Een jaar later ontving ze een briefje van Jeroen, dat zij de beste onderwijzer was die hij ooit had gekend. Zes jaar later kreeg ze opnieuw een briefje. Jeroen had de middelbare school met succes doorlopen, hij was op de derde plaats geëindigd bij het eindexamen, maar herinnerde mevrouw Meulink eraan dat zij de beste onderwijzer van zijn leven is geweest.
Vier jaar gingen voorbij toen ze weer een brief kreeg. Jeroen had zijn studie voltooid aan de universiteit, maar verzekerde mevrouw Meulink ervan dat zij de beste was geweest in alles. Hij had inmiddels zijn eigen briefpapier met in de kop: drs. Jeroen M. Veldman. Niet lang daarna komt er opnieuw een brief van Jeroen, met de mededeling dat hij een meisje had ontmoet en dat er trouwplannen zijn. Zijn vader is enkele jaren geleden overleden en of mevrouw Meulink nu als getuige zou willen optreden en naast hem zou willen zitten tijdens de plechtigheid.

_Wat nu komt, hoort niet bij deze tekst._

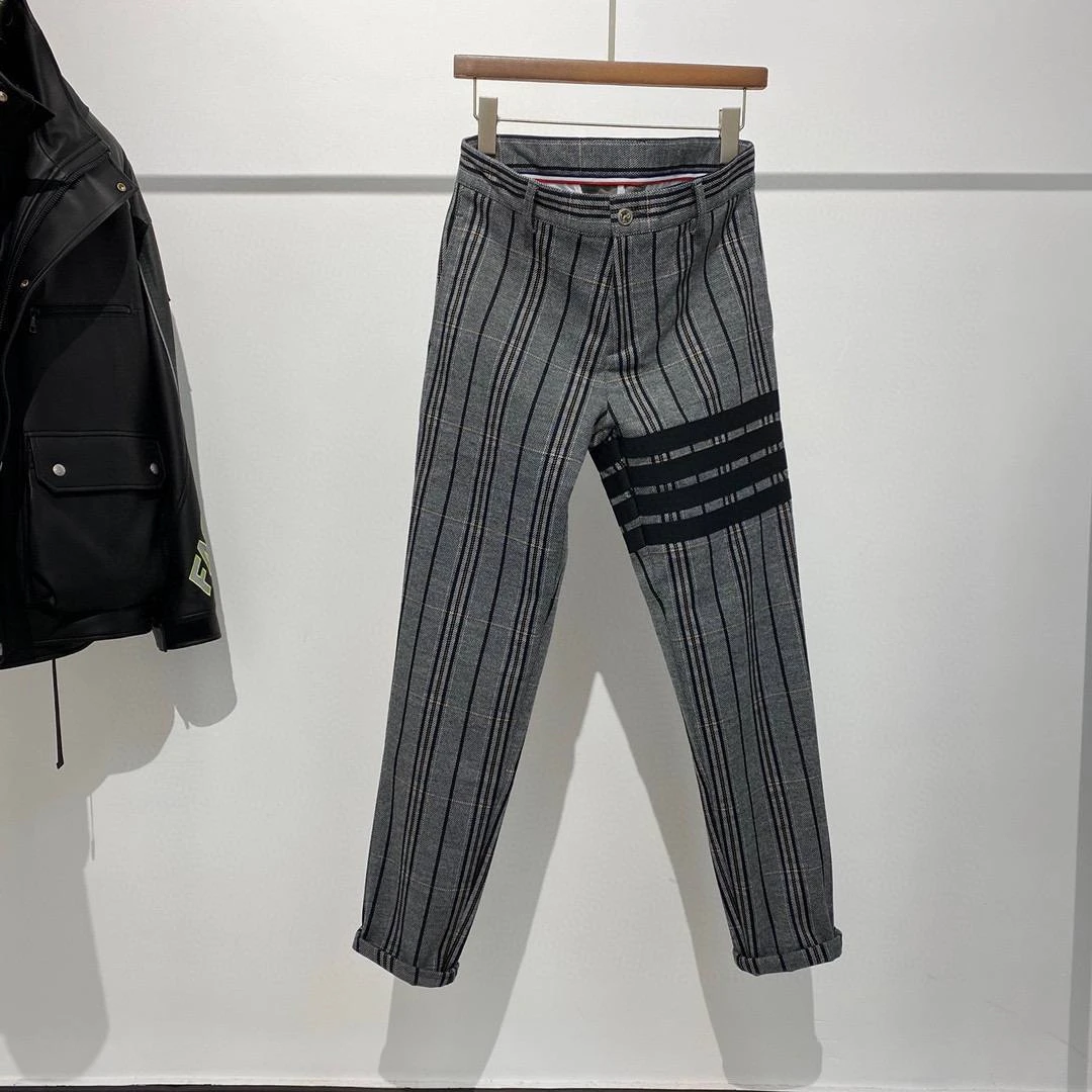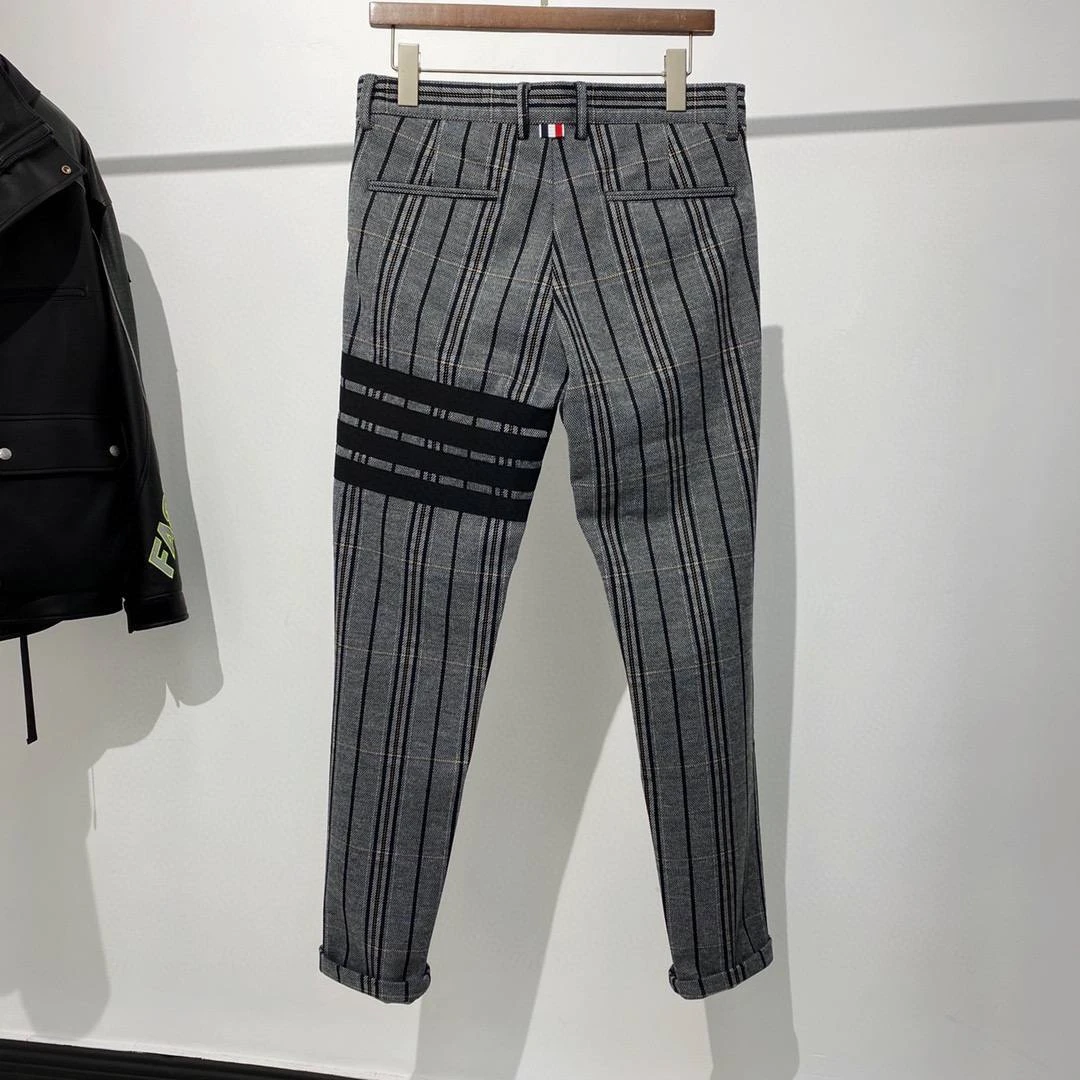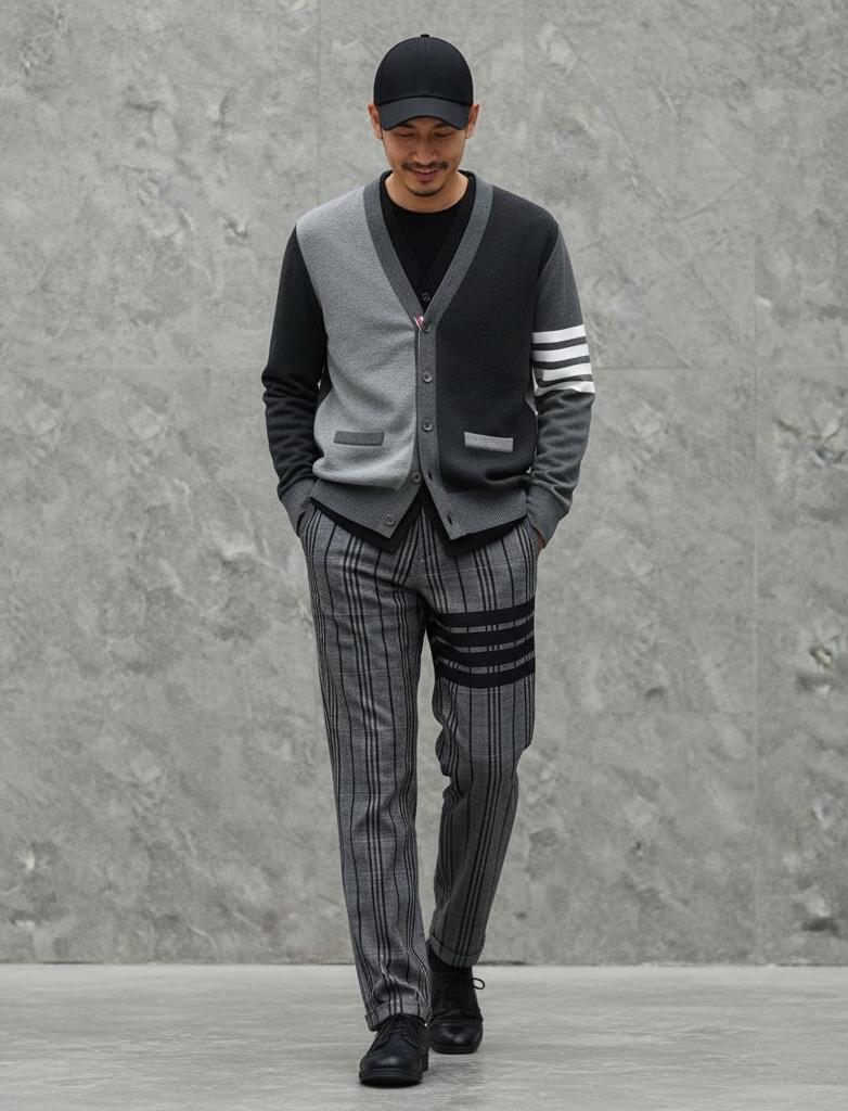 • Брюки: сдержанная серая клетка с тонкими вертикальными полосами, слегка зауженный силуэт, аккуратные манжеты. Характерная деталь — набор широких черных полос на бедре, узнаваемый мотив Thom Browne, придающий образу современный и смелый штрих.

Die grote feestdag zat mevrouw Meulink naast Jeroen, waar anders zijn ouders hadden gezeten, in het gemeentehuis als ook in de kerkdienst. Ze zag er stralend uit in kobaltblauwe robe en om haar pols de kitscherige armband die ze ooit van Jeroen als cadeau had gekregen. Haar parfum kwam die dag uit het flesje van Jeroens moeder dat mevrouw Meulink al die jaren als kostbaar kleinood had bewaard.
Die dag omhelsde drs. Jeroen M. Veldman zijn vroegere schooljuf en zei haar: “Hartelijk dank, mevrouw Meulink, dat u toen de enige was die in mij geloofde. U maakte, dat ik mezelf hervond omdat u mij de moeite waard vond. U toonde mij dat ik zelf keuzes moest maken”. Mevrouw Meulink had tranen in haar ogen en zei: “Jeroen, zo is het niet. Jij was degene, die mij toonde hoe het moest. Ik wist niet hoe ik les moest geven. Ik gaf les in de vakken, maar jij leerde mij, dat ik les moest geven aan de kinderen en dat maakte alle verschil van de wereld”.

Zo kan iedereen voor iemand iets betekenen dat alle verschil van de wereld uitmaakt voor iemands leven en misschien wel voor iemands hele toekomst.